In 2003, scientists and researchers officially completed the Human Genome Project, a groundbreaking accomplishment to sequence, or map and identify, all of the genes of an entire human genome. The endeavor began in 1990, cost nearly $3 billion, and involved an unprecedented global collaborative effort.

Unlike the “first generation” sequencing technology originally developed in the 1970’s that formed the basis for mapping the first human genome, DNA sequencing has never been as easy or straightforward as it is now. Following advances in high throughput technology and parallel analysis, modern sequencing can allow for an entire human genome to be sequenced in a matter of days. This is referred to as “next-generation” sequencing (next-gen sequencing or NGS) to differentiate it from its predecessor, and can be applied to sequencing an entire genome as described above, or targeting and sequencing selected regions of interest using PCR.

Today, NGS is used by researchers to study a broad spectrum of genetic mutations that might be associated with diseases, or to identify which sequences of a gene that will respond better to certain therapeutics, including cancer genome and individual cancer sequencing to enable more precise diagnoses and personalized treatment.
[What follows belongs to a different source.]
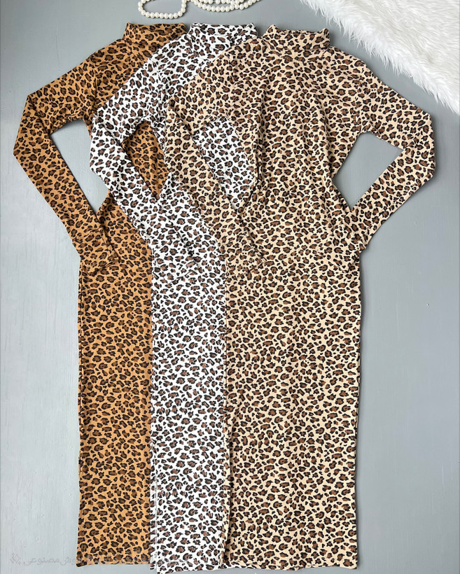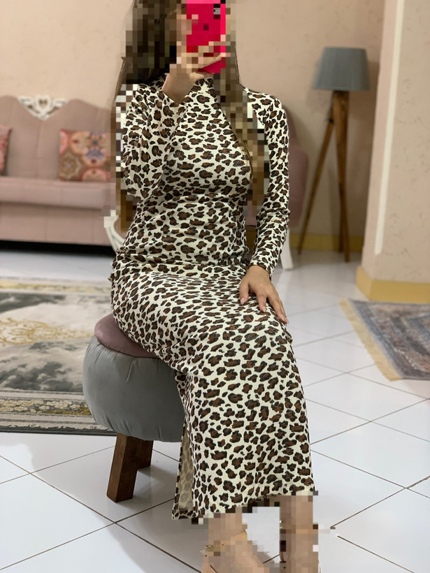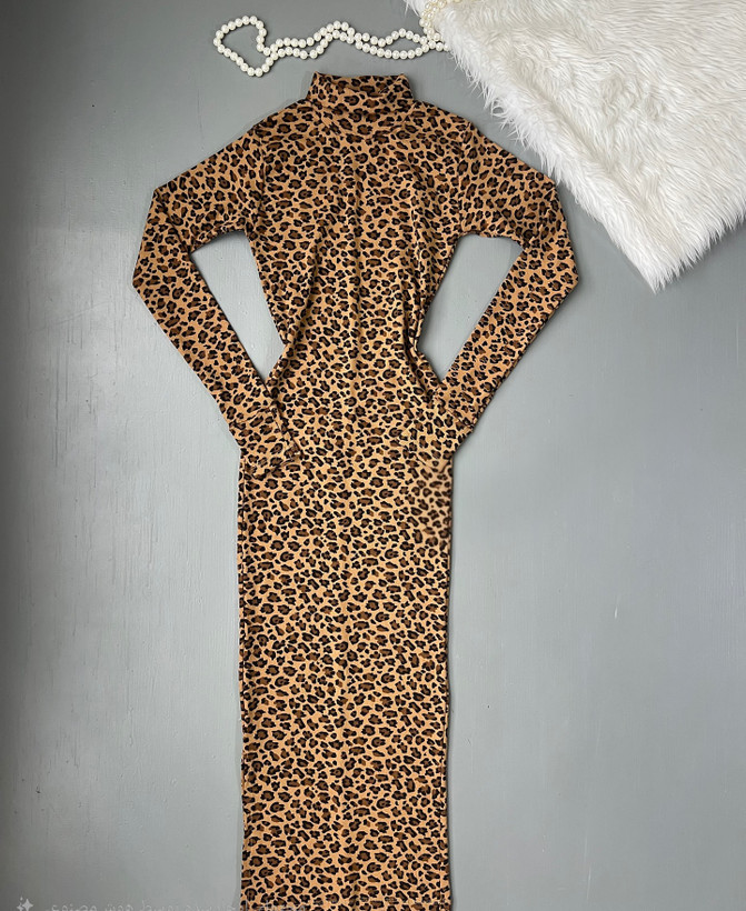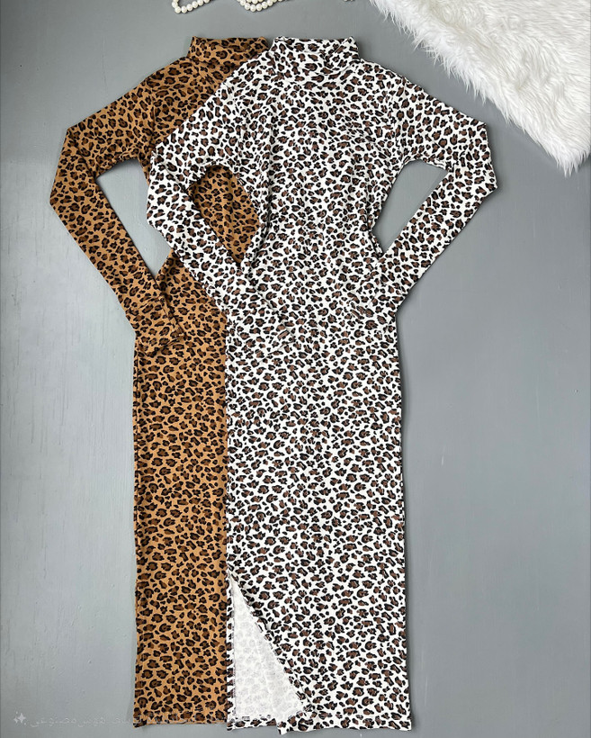پیراهن ماکسی پلنگی یقه اسکی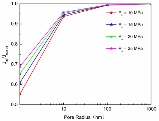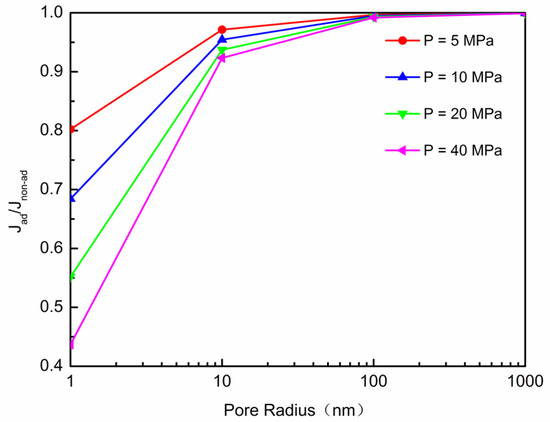 Figure 7 shows the effects in different pressures where four cases from 5 MPa to 40 MPa are considered to study gas flow in shale nanopores. From the result of Figure 7, with increasing pressure in shale nanopores, the Jad/Jno-ad ratio will decrease when the pore radius is constant. The total mass flux decreases as pressure increases. However, for a given pressure the Jad/Jno-ad ratio will increase with the increasing pore radius. It means that the total mass flux will increase as pore size increases when pressure is given.

Co-Diagnostics researchers have been applying the CoPrimer platform technology to NGS by developing a single-step targeted NGS process. Their results have demonstrated that the multiplexing properties of CoPrimers have the potential to dramatically reduce time and labor costs of NGS, allowing a library preparation step that would normally exceed 7 or 8 hours to be performed in as little as three hours. In an industry where higher throughput translates to lower costs, CoPrimers could be the key to NGS that is faster, simpler, and more affordable than ever before.